64 dead, 45 missing in Luzon landslides

Ompong

STORM’S FURY Lydia Domingo and her nephew, Marwin Palacio, pick up the pieces after the powerful typhoon destroyed their house at Barangay San Lorenzo, Lallo town, Cagayan province, when it barreled through northern Luzon.

Manila, Philippines – Massive landslides killed 64 people while 45 others were missing in this Baguio City and in the provinces of Benguet, Mountain Province, Kalinga and Nueva Vizcaya, as Typhoon “Ompong” (international name: Mangkhut) unleased its fury on Friday night and early Saturday, the Philippine National Police said on Sunday.

The PNP said 33 people were injured in the massive storm.

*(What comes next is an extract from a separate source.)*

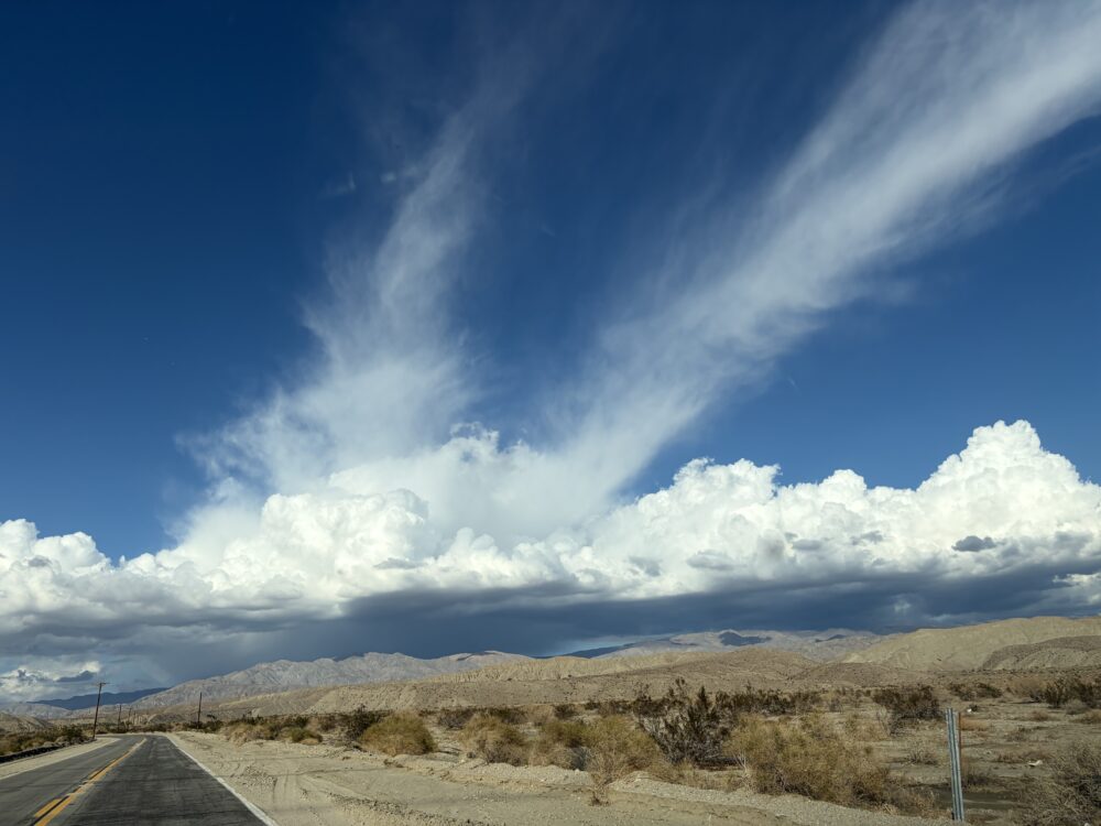 A line of developing storms spotted while looking east toward the western border of Joshua Tree National Park behind the Indio Hills, near Sky Valley, California, US

The hardest hit province was Benguet, where most of those who died perished in landslides, the PNP said.

Power and communication lines were toppled, but some were restored late Sunday in parts of the mountain city and in provinces that were in the path of Ompong  as it exited the country on Saturday night.

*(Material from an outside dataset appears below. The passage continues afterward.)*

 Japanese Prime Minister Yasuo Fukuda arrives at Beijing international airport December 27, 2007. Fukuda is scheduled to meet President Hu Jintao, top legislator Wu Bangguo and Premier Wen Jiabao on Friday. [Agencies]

As of 3 p.m. on Sunday, the typhoon was spotted 935 kilometers west-northwest of northern Luzon, well outside the Philippine area of responsibility. It was headed for southern China and Hong Kong, packing winds of 130 km per hour and gusts of up to 180 kph at a fast northwestward pace of 30 kph.

39 slides in Baguio

The weather cleared up on Sunday in Batanes province, allowing residents to unstrap the ropes holding down their houses.

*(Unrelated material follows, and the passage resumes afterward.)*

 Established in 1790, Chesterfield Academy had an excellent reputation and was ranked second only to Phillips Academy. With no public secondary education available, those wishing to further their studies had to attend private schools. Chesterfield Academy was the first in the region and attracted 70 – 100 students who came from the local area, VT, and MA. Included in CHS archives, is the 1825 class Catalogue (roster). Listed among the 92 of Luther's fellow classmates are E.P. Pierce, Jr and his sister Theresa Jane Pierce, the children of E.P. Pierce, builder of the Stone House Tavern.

In Isabela province, farmers began drying out wet palay and corn harvests.

But rescue and retrieval teams continued to search for nine people buried in mud in Baguio, where 39 landslides were recorded.

Five bodies had been recovered, while a sixth person was struck and killed by a falling tree.

In the mining town of Itogon, strong rains eroded a hillside, pushing down a bunkhouse and the houses of pocket miners and their families at Barangay Ucab before 2 p.m. on Saturday.

Family buried in Bontoc

Rescuers on Sunday recovered the bodies of 30 people and were looking for 31 more based on an initial estimate.

In Bontoc, the capital town of Mountain Province, a family of eight was buried in mudslide at Sitio Dantay, Barangay Alab Oriente, on Saturday afternoon.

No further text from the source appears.